This issue of the Australasian also includes:
An advertisement for 'Dickens's works at English price' available from George Robertson, Melbourne. Works advertised are: The Pickwick Papers, Martin Chuzzlewit, Dombey and Son, Nicholas Nickleby, David Copperfield, The Old Curiosity Shop, Oliver Twist, Christmas Books and Barnaby Rudge.
An advertisement for the June 1868 issue of the Colonial Monthly.
H. T. Dwight, Bookseller, 'near Parliament, solicits inspection of his stock'.
An advertisement for the first three volumes of the Australasian, available from Samuel Mullen, bookseller, Melbourne and Ballarat, Victoria.

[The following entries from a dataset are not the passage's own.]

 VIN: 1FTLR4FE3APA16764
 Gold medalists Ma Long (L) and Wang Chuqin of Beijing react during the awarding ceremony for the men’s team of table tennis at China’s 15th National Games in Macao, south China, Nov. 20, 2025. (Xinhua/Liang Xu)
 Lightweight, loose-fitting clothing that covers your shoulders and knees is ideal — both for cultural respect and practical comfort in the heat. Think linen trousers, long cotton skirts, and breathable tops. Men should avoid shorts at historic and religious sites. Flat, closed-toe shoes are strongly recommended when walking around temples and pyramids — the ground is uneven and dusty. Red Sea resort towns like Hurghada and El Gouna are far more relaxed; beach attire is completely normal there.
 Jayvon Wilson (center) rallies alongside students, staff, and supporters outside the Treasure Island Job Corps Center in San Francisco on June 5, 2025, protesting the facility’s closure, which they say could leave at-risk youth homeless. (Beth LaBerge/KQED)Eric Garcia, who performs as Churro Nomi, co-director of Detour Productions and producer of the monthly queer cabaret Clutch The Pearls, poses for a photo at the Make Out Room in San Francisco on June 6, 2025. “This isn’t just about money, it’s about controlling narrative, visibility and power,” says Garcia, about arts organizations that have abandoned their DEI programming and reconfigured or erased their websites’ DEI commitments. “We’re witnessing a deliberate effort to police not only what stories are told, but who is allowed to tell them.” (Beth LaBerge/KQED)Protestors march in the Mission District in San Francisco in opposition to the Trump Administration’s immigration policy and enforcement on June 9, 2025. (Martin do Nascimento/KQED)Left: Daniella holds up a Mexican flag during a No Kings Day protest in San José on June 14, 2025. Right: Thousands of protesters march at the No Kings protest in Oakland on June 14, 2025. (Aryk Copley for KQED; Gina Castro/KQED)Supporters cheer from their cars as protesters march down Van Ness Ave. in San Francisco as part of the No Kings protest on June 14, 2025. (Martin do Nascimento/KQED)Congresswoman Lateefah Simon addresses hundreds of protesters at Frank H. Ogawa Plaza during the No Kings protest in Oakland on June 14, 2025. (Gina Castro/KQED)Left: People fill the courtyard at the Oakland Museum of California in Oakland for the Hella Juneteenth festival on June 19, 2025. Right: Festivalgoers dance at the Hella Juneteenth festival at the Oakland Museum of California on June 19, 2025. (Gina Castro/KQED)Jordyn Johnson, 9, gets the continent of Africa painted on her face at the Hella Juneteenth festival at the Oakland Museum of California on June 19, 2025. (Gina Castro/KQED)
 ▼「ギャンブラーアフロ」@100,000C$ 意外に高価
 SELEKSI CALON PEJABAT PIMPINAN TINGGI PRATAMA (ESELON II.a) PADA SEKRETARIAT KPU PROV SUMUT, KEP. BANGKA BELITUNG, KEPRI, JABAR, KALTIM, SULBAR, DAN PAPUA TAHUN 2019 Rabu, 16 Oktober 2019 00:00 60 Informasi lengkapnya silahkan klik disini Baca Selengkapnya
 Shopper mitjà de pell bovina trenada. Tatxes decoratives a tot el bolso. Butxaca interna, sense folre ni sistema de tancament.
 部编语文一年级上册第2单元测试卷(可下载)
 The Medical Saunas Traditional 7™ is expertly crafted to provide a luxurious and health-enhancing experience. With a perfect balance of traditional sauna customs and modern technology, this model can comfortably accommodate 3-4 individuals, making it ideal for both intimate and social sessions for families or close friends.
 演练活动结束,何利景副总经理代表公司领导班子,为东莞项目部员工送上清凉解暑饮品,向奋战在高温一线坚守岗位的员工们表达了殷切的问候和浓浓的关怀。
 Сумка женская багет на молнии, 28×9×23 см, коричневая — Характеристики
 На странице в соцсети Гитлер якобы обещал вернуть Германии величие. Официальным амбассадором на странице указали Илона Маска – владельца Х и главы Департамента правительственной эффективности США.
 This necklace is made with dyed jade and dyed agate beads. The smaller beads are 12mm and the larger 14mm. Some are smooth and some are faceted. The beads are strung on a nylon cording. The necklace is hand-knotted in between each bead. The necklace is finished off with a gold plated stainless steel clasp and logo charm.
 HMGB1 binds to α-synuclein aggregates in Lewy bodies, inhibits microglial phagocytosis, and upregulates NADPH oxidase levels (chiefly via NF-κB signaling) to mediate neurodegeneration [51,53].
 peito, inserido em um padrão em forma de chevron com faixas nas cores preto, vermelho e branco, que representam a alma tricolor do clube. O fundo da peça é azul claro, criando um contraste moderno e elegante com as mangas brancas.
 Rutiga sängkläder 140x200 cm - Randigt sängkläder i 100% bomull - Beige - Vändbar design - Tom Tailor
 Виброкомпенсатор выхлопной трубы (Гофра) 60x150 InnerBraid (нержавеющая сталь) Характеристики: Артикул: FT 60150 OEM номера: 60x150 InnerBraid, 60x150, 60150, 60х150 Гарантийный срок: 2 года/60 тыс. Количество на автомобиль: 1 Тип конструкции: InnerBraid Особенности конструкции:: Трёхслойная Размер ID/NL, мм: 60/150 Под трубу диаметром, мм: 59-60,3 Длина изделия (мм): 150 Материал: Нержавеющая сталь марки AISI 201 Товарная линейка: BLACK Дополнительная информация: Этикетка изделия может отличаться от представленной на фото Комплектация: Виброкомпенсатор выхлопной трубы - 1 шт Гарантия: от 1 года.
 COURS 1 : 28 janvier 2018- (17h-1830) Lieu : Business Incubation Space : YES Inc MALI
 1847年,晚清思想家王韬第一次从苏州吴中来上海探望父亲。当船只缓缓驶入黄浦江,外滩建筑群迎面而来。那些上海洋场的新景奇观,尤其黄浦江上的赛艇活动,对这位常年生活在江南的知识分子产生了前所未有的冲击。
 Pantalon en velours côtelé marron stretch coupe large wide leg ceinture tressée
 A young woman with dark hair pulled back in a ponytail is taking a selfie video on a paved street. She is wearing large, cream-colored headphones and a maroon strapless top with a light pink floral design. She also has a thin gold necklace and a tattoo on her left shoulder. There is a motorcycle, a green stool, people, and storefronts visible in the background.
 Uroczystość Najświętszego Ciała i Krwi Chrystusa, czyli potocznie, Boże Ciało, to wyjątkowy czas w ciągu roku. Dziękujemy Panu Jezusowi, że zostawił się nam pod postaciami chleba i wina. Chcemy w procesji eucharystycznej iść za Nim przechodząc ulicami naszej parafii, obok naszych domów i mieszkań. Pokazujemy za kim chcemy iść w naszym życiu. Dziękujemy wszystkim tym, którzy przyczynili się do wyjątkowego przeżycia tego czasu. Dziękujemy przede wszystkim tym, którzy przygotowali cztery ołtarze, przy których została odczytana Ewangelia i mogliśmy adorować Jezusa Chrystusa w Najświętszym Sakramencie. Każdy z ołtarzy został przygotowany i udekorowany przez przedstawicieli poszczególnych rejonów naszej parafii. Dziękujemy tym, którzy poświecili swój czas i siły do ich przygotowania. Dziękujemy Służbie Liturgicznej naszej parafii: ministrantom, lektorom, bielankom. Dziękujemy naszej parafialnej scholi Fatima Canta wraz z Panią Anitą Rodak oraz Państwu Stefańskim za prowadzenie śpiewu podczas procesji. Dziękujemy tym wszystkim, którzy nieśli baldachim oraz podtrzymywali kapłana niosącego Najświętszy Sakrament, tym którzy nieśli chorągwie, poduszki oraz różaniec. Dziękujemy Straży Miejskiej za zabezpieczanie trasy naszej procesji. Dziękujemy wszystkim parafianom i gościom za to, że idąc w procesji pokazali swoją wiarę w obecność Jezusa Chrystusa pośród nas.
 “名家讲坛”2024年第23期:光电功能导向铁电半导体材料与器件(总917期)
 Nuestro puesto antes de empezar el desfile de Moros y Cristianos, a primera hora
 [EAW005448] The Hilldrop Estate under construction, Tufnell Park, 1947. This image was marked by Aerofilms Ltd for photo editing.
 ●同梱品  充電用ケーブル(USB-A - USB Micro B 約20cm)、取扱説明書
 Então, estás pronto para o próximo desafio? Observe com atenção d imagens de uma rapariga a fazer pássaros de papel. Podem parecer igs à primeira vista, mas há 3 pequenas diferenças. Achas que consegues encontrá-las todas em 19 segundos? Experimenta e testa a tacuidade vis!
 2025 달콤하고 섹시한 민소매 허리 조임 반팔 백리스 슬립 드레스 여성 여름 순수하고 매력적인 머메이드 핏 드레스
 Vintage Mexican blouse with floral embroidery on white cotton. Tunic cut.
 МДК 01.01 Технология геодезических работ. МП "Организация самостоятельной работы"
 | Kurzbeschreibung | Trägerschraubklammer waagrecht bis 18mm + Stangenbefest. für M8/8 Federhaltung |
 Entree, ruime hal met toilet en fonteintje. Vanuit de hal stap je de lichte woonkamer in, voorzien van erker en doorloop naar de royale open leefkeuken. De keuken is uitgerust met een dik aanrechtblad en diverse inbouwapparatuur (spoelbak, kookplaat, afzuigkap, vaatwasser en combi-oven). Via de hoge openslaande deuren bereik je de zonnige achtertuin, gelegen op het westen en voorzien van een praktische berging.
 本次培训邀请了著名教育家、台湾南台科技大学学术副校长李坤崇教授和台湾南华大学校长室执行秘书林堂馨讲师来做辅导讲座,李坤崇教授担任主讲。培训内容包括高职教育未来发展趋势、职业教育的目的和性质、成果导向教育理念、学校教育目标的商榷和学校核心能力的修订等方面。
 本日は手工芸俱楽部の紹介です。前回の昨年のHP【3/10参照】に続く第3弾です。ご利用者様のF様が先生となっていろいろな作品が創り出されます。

The unnamed author provides an account of a day's fishing in the company Aboriginal men, women and children, all of whom are guided by the instructions of Indigenous leader 'King Jacob'.
Q. reflects on the the political situation in the Victorian colony before turning his attention once more to the subject of penny readings. (See also, 'The Peripatetic Philosopher', 16 May 1868).) On this occasion Q. writes that the 'penny reading platform has become a stage for the display of vanity and ignorance, and the pitiful ambition to shine for an hour as a local "star"'.
Jaques provides a detailed report on Walter Montgomery's benefit appearances, particularly his recitals, declaring that Montgomery's rendition of Charles Dickens's 'The Bloomsbury Christening' 'offers one of the most wonderful instances I have seen of facial expression, and the rapidity of the change is no less remarkable than the perfect appropriateness'.
Jaques notes Melbourne's recent theatrical offerings (in less detail than his usual reviews), paying some attention to the production of Dion Boucicault's The Willow Copse at the Duke of Edinburgh Theatre.
An advertisement for Charles Haddon Spurgeon's sermons 'in large quantities', available from Buzzard, Melbourne.